The KV cache stores the Key and Value projections of every token seen so far, so generating the next token reads them instead of recomputing them. That turns the per-step cost from quadratic to linear in sequence length. But it also consumes a large, growing chunk of GPU memory: roughly 800KB to 1MB per token for a 13B model. After weights are loaded, the leftover memory caps how many concurrent sequences you can hold, so KV-cache capacity, rather than raw compute, sets your batch size and therefore your dollars per token.

Why does batching barely hurt latency for LLM decode?

Because decode is bandwidth-bound, the expensive thing is reading the weights out of memory once per step. At batch size one, that single weight read produces one token. If you batch several requests, you read the weights once and amortize that read across all of them, producing many tokens for nearly the same memory traffic and nearly the same per-token latency. This holds until you cross the critical batch size (around 240 to 280 on current accelerators) and the GPU finally becomes compute-bound.

Does a bigger model mean proportionally slower generation?

Not exactly. Decode latency tracks weight bytes divided by memory bandwidth, not raw FLOPs. A model with twice the parameters that still fits the same memory tier and bandwidth profile is not automatically twice as slow per token at small batch sizes. This is why quantization helps so much: halving the bytes per weight roughly halves the bandwidth you must move per token, which directly speeds up the memory-bound decode phase.

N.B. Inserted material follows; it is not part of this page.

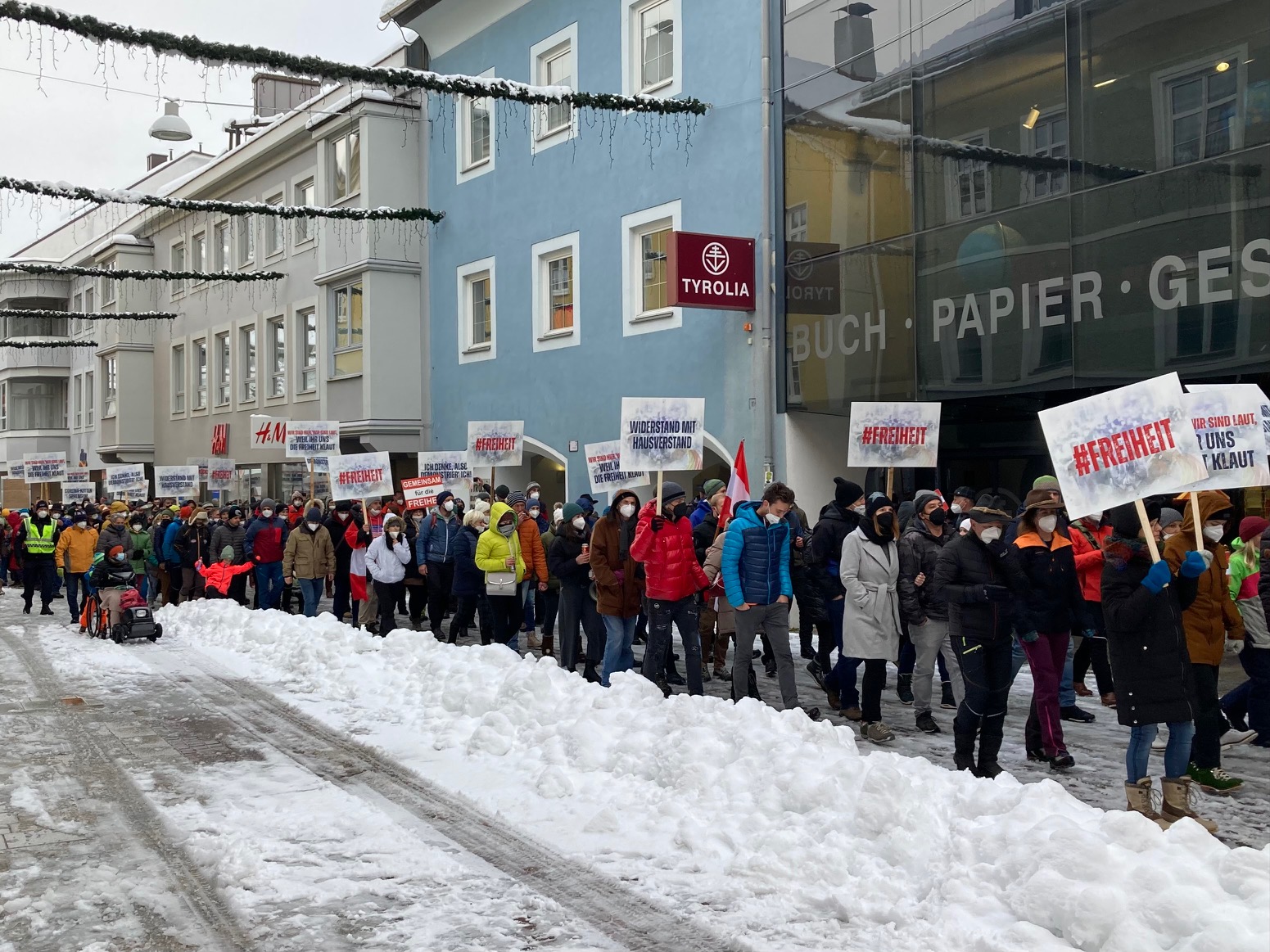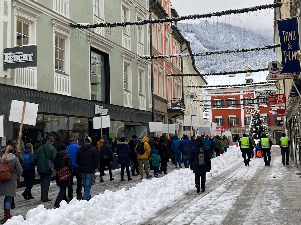In Lienz sind am Sonntagnachmittag wieder mehrere hundert Menschen auf die Straße gegangen, um gegen die Coronamaßnahmen und die angekündigte Impfpflicht zu protestieren. Die Kundgebung war diesmal bei der Behörde angemeldet, ein Großaufgebot der Polizei überwachte die Versammlung:

How does a long context window cost you?

Two ways. Self-attention compares every token to every other token, so attention compute and the naive attention-memory footprint scale with the square of the sequence length. Doubling the context roughly quadruples that attention cost, which lands mostly on prefill. Separately, the KV cache grows linearly with context, so longer sequences consume more memory per request and shrink how many requests you can batch. A large context window is a systems-budget decision, not a configuration flag you flip for free.